Engineered Cas9 variants bypass Keap1-mediated degradation in human cells and enhance epigenome editing efficiency

Author:

Chen Jianfeng12,Su Siyuan12,Pickar-Oliver Adrian34,Chiarella Anna M56,Hahn Quentin2,Goldfarb Dennis78,Cloer Erica W19,Small George W10,Sivashankar Smaran1,Ramsden Dale A12,Major Michael B7,Hathaway Nathaniel A156,Gersbach Charles A34,Liu Pengda12ORCID

Affiliation:

1. Lineberger Comprehensive Cancer Center, The University of North Carolina at Chapel Hill , Chapel Hill , NC  27599 , USA

2. Department of Biochemistry and Biophysics, School of Medicine, The University of North Carolina at Chapel Hill , Chapel Hill , NC  27599 , USA

3. Department of Biomedical Engineering, Duke University , Durham , NC  27710 , USA

4. Center for Advanced Genomic Technologies, Duke University , Durham , NC  27710 , USA

5. Division of Chemical Biology and Medicinal Chemistry, Center for Integrative Chemical Biology and Drug Discovery, Eshelman School of Pharmacy, The University of North Carolina , Chapel Hill , NC  27599 , USA

6. Curriculum in Genetics and Molecular Biology, The University of North Carolina , Chapel Hill , NC  27599 , USA

7. Department of Cell Biology and Physiology, Washington University , St. Louis , MO  63110 , USA

8. Institute for Informatics, Data Science & Biostatistics, Washington University , St. Louis , MO  63110 , USA

9. Department of Cell Biology and Physiology, School of Medicine, University of North Carolina at Chapel Hill , Chapel Hill , NC  27599 , USA

10. Center for Pharmacogenomics and Individualized Therapy, Eshelman School of Pharmacy, The University of North Carolina , Chapel Hill , NC  27599 , USA

Abstract

Abstract As a potent and convenient genome-editing tool, Cas9 has been widely used in biomedical research and evaluated in treating human diseases.
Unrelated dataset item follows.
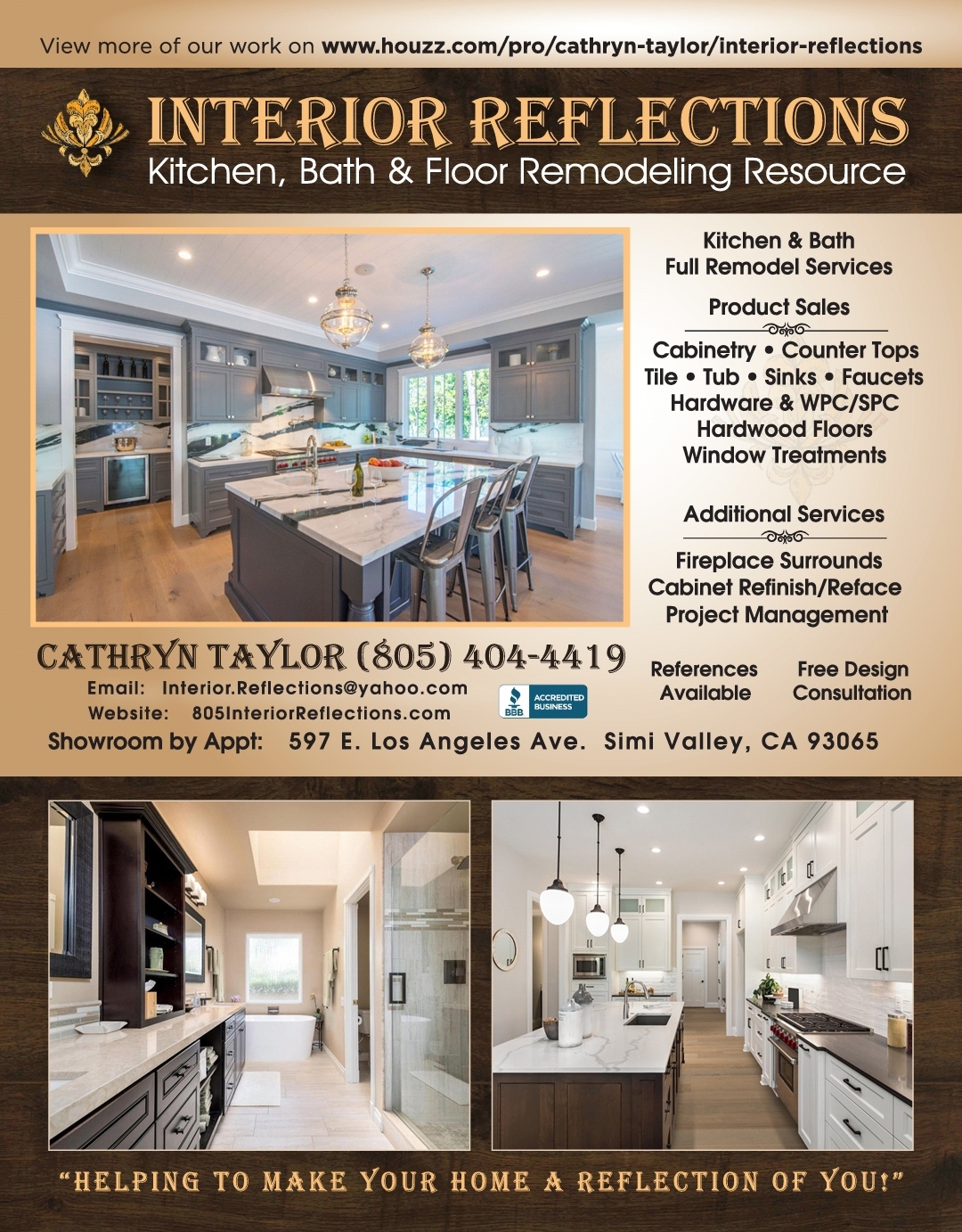 We used Interior Reflections to replace and install new cabinets, flooring, shower and paint throughout our home as well as some plumbing and electrical updates. we were so pleased with the work quality and professionalism of Cathryn and her crew. Everyone was very courteous and took care of our home like it was theirs. I would highly recommend them for any remodeling projects.

Numerous engineered variants of Cas9, dCas9 and other related prokaryotic endonucleases have been identified. However, as these bacterial enzymes are not naturally present in mammalian cells, whether and how bacterial Cas9 proteins are recognized and regulated by mammalian hosts remain poorly understood. Here, we identify Keap1 as a mammalian endogenous E3 ligase that targets Cas9/dCas9/Fanzor for ubiquitination and degradation in an ‘ETGE’-like degron-dependent manner. Cas9-‘ETGE’-like degron mutants evading Keap1 recognition display enhanced gene editing ability in cells. dCas9-‘ETGE’-like degron mutants exert extended protein half-life and protein retention on chromatin, leading to improved CRISPRa and CRISPRi efficacy. Moreover, Cas9 binding to Keap1 also impairs Keap1 function by competing with Keap1 substrates or binding partners for Keap1 binding, while engineered Cas9 mutants show less perturbation of Keap1 biology. Thus, our study reveals a mammalian specific Cas9 regulation and provides new Cas9 designs not only with enhanced gene regulatory capacity but also with minimal effects on disrupting endogenous Keap1 signaling.

Funder

NIH

Andrew McDonough B + Foundation Childhood Cancer Research

UNC Lineberger Comprehensive Cancer Center Development Award

UNC University Cancer Research Fund

Pfizer-NCBiotech Distinguished Postdoctoral Fellowship

Publisher

Oxford University Press (OUP)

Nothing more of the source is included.